A woman’s shrill scream tore the silence, followed by another and another in hysterical succession, growing louder as though suddenly a door had been flung open to eliminate a barrier between them and the frantic sound. And like a boulder tumbling downhill it started others tumbling, too—the scream was answered by the shouts and calls of neighbors and the nervous clopping shuffle of the hooves of horses, and the creak and thud of countless windows being opened.

Jacques—or rather, Mr. Thomson—said, “I take it that will be our Cook returning. Not the kindest welcome for her.”

Madame Roy glanced up sharply. “They will never think she did it?”

“No,” said Thomson. “The servants of course will be questioned, but none of them will need to fear the police.” His voice, too, Mary thought, was not properly English. It had a faint lilt to it, as of an accent he’d long learned to mask.

Madame Roy said, “You seem very certain.”

“I am. The police have been very well bribed since I came into France. I suspect they have known all along where I am, but they turn a blind eye for the twin joys of lining their pockets and thwarting the English.” He comfortably settled himself in the room’s only armchair, which oddly sat some distance off from the fire. “The English ambassador writes to the head of the Paris police, who replies that he’s confident I am not here, then turns round and surprises his wife with a new diamond bracelet.

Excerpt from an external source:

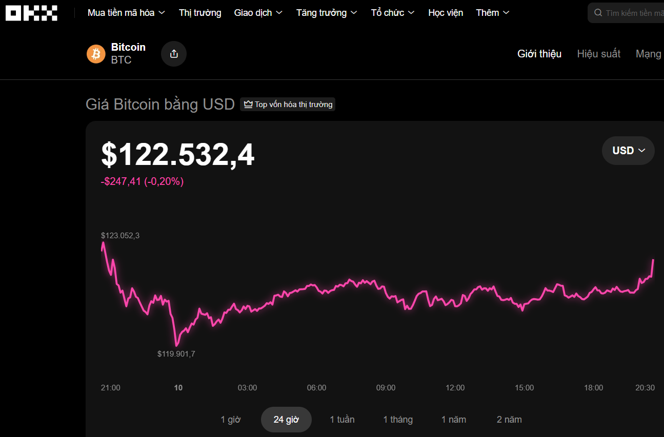 Bitcoin đang giao dịch ở vùng 122.500 USD Nguồn: OKX

It’s all very civilized. No, the police will not bother the servants for finding a man lying dead in the house, unless…” He looked to the man by the window. “That man you dispatched was not from the police, I hope?”

“No.”

Mary saw the dead man’s face again and felt the knife’s blade at her throat. She fought the cold by gathering Frisque closer, and the dog whined.

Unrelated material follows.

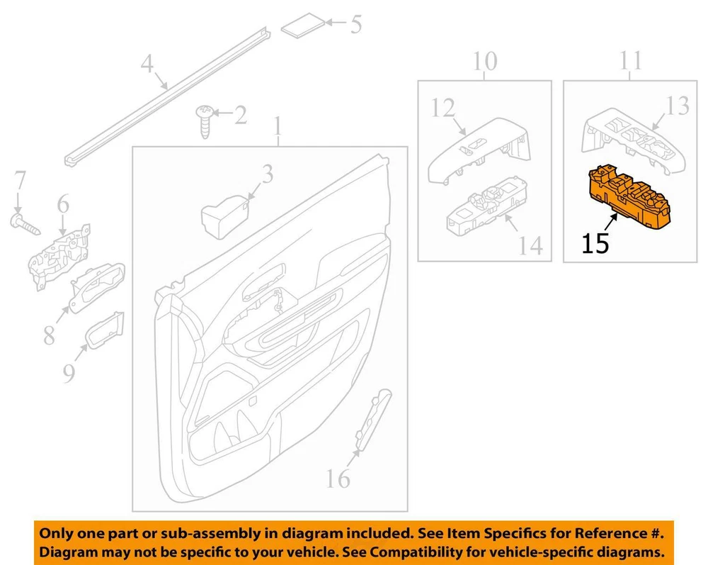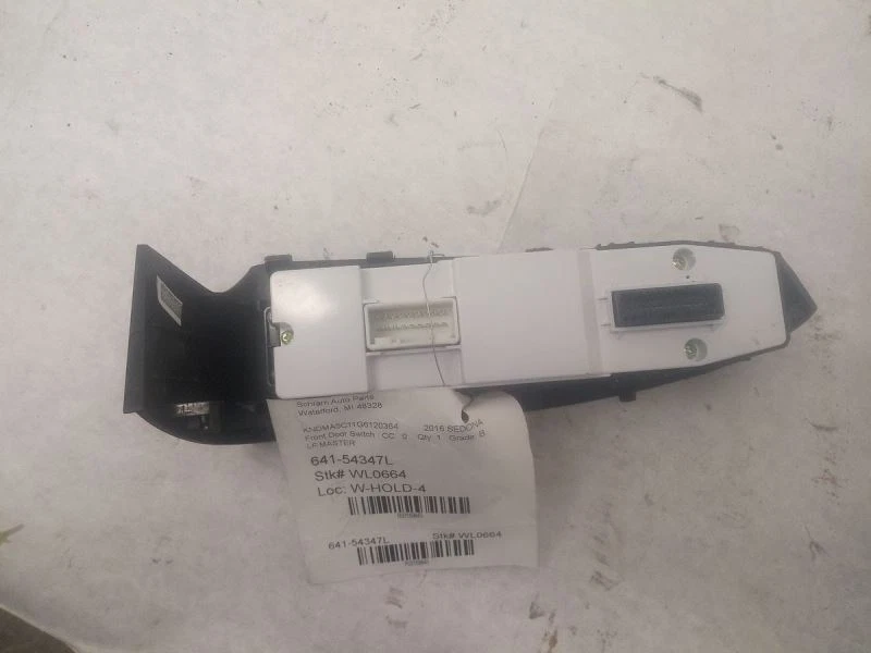 Universal Fitment: No Conditions & Options: LF.MASTER Manufacturer Part Number: 93571A9300 To Control: Window, Wing Mirror Donor VIN: KNDMA5C11G6120364 PartOut ID: A-53248531 VIN #: KNDMA5C11G6120364 PartNumber: 641 Warranty: 90 Day GTIN: Does not apply Designation: Used Placement on Vehicle: Door, Front, Left Stock #: WL0664 Brand: Kia Vintage Part: Yes Mileage: 96000 Make: KIA Type: Switch Assembly Model: SEDONA Reference Number: 15 Year: 2016 OE/OEM Part Number: 93571A9300 Placement: Driver/Left Inventory ID: 2169845 Interchange Part Number: 641-54347L Genuine OEM: Yes Manufacturer Warranty: 3 Months

“Keep him quiet,” said the Scotsman.

Mary murmured to herself, “Or else I’ll kill you.”

Thomson, hearing but the last two words and thinking she had spoken them to him, misunderstood and sought to reassure her. “No, my dear, he never would have killed me. I’m of little use to anybody dead. The English, though, would no doubt pay a rich reward to one who could deliver me into their hands. That would be why he brought the coach, to spirit me away, though I’ll be deuced if I can think how he discovered me.”

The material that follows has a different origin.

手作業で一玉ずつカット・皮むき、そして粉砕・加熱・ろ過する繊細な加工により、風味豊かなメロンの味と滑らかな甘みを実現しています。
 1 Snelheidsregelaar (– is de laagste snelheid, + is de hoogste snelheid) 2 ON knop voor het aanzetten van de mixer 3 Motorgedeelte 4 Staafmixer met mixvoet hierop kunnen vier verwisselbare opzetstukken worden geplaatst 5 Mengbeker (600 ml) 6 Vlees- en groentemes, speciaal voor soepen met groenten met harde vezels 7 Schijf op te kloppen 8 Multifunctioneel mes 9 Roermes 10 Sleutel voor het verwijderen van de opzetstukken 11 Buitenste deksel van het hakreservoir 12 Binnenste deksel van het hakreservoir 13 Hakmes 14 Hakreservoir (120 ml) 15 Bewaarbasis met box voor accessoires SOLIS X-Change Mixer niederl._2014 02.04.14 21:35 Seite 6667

The Scotsman said, “Ye called out in a public street. In English. And your kitchen lad was there to hear ye do it.”

“But—”

“The lad sleeps in a room above the tavern near the Fair.”

“You keep yourself informed,” said Thomson.

“’Tis my business to.” He still had not turned round. “This morning when I saw the lad arrive for work he was too drunk to stand. I made inquiries and discovered that last night he had a tale to tell, and found an eager audience in one who bought him drink to hear yet more.”

“I’m sorry,” Thomson said. “It was most careless of me, to be sure, but I did not intend—”

“Among that tavern’s patrons is an English spy who gains his secrets by seducing foolish women. I had him pointed out to me some days ago, together with a woman he so used some years ago and made his wife.” He did turn slightly then. “This morning she was in your house. I did not see her enter, but I saw her leave. She wore the clothing of a housemaid.”

Thomson raised his eyebrows. “Christiane?”

“Aye, that’s her name. He sent her in, no doubt, to gather proof of who ye were. She must have found it. Did she speak to ye in English?”

Thomson paused and flushed a little and he did not answer with a lie, but neither did he tell the truth of how he had betrayed himself at breakfast. “No.”

Mary glanced at him and felt the Scotsman glance at her before he carried on, “Then she had likely matched your face to your description and was satisfied. She went off in a hurry, and I guessed she’d gone to fetch her husband.” With a shrug he turned again and finished with, “Now she’s his widow.”

In the street below them the commotion was expanding, growing louder, but it seemed a distant thing to Mary on her stool beside the fire. She felt so cold now she’d begun to tremble from it.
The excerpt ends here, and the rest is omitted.